Duflo insightfully demonstrates the way female empowerment promotes economic development and vice versa. She examines the relationship of promoting female welfare and its resulting positive outcomes and externalities. She thoroughly shows how economic development works towards closing the gender gap. What I find particularly interesting, however, is her claim about economic development not being enough to achieve complete equality between men and women. For example, Duflo explains how new technologies and overall economic development can have “perverse effects” for women if they decrease the “cost of discriminating against girls.” I found this to be a frightening thought, as one wouldn’t expect the development of an economy to have negative impact on an already discriminated group. However, she then justifies how economic development can’t stand alone in improving and equating the lives of women. Duflo furthers her argument using James Wolfensohn’s (former World Bank President) address. The address introduces the logical concept that educating women will have a “catalytic effect on every dimension of development.” In this way, Duflo flips the promotion of development for women empowerment in the other direction. She notably ties the two movements—economic development and women empowerment—into one.

Duflo also argues that the long-run benefits of empowering women, even at the cost of men in the short-run, is well worth it. Although this argument is well justified by her paper, I worry how policies can be implemented throughout the world, since male prejudice—unfortunately—doesn’t simply disappear.

Maggie Kidder

I was very intrigued by the widespread implicit bias that is shared by both women and men in associating men with career and the sciences and associating women with family and liberal arts. Duflo discusses the test where both female and males sort two series of names to the left or the right and then place words associated with career or family to the right or the left. Both genders were more likely to place women with family and liberal arts and men with careers and science. Additionally, when high-achieving female and male math students were told that it was not true that girls were less good than boys at math for a particular test, they performed just as well as males compared to when they weren’t prefaced with that information.

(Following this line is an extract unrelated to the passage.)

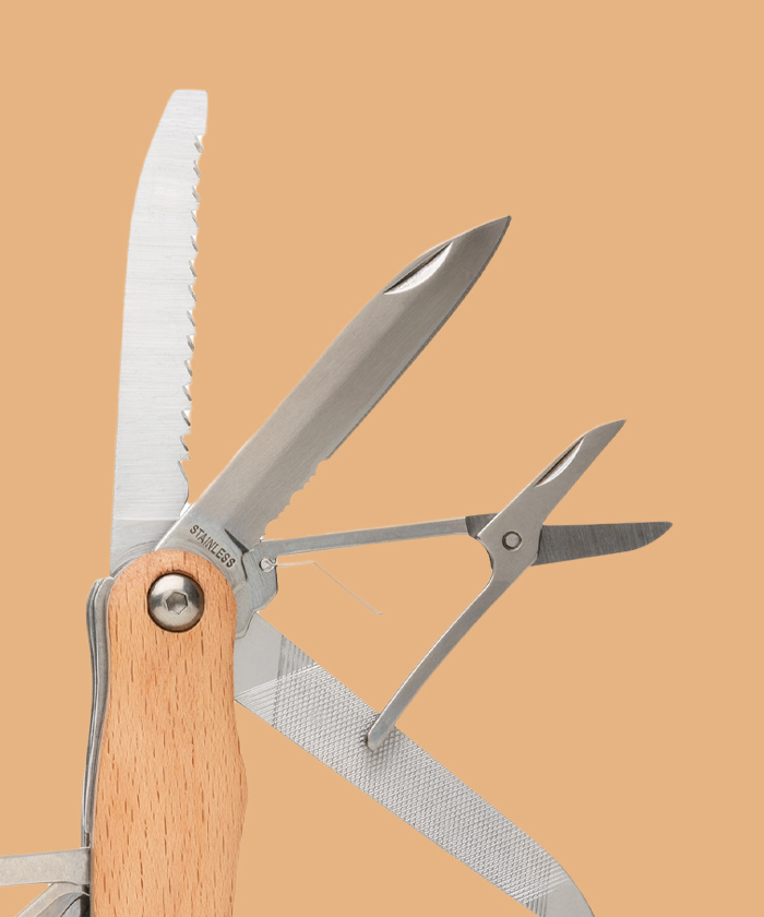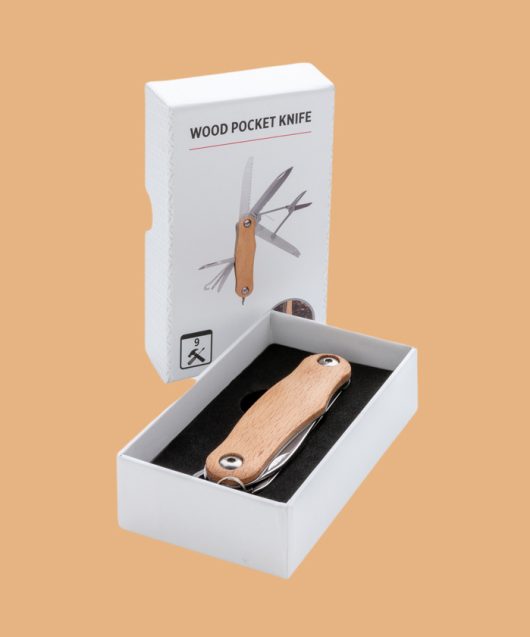 - Couteau de poche compact et robuste en bois de hêtre avec 9 fonctions. Les outils en acier inoxydable sont: Couteau, lame dentelé, ciseaux, lime, scie, dégorgeoir, outil de couture, tournevis cruciforme, tournevis plat. Emballé dans une boîte cadeau

This implicit bias is due to females internalizing the belief that they are not as qualified as males in science and career fields. I think this is an often overlooked problem because as labor market participation has increased for females, gender inequality still persists because females do not perceive their abilities as equal to their male counterparts.

For instance, labor market participation for women has grown by 15% in East Asia and Latin America between 1971 and 1995, which is a faster growth rate than for men. The labor market opportunities for women increased in the US when the demand for clerical workers rose, which lead to more job opportunities for women from 1930-1950 and paved the way for a continued access to the labor market. More recently, female job availability in factory work has increased in China and Mexico and has increased in outsourcing in India. Duflo details that the less developed nations face higher gender inequalities. However, it is surprising that even in the more developed countries, like that of the United States, women with equal skill sets to male counterparts earn less than men throughout all education levels.

As more women began to enter the workforce the prevalent system of gender inequality adapted to this changing dynamic by creating inequality in different ways instead of progressing towards equality. Gender inequality in the labor force is not residue from the past and purely historically based because the rise of technology has brought new occupations like engineering. However, technologically-oriented fields like engineering are primarily male dominated, which indicates that gender inequality reorganized itself when the United States became more industrious, which highlights the serious need for both men and women to overcome the obstacle of implicit bias.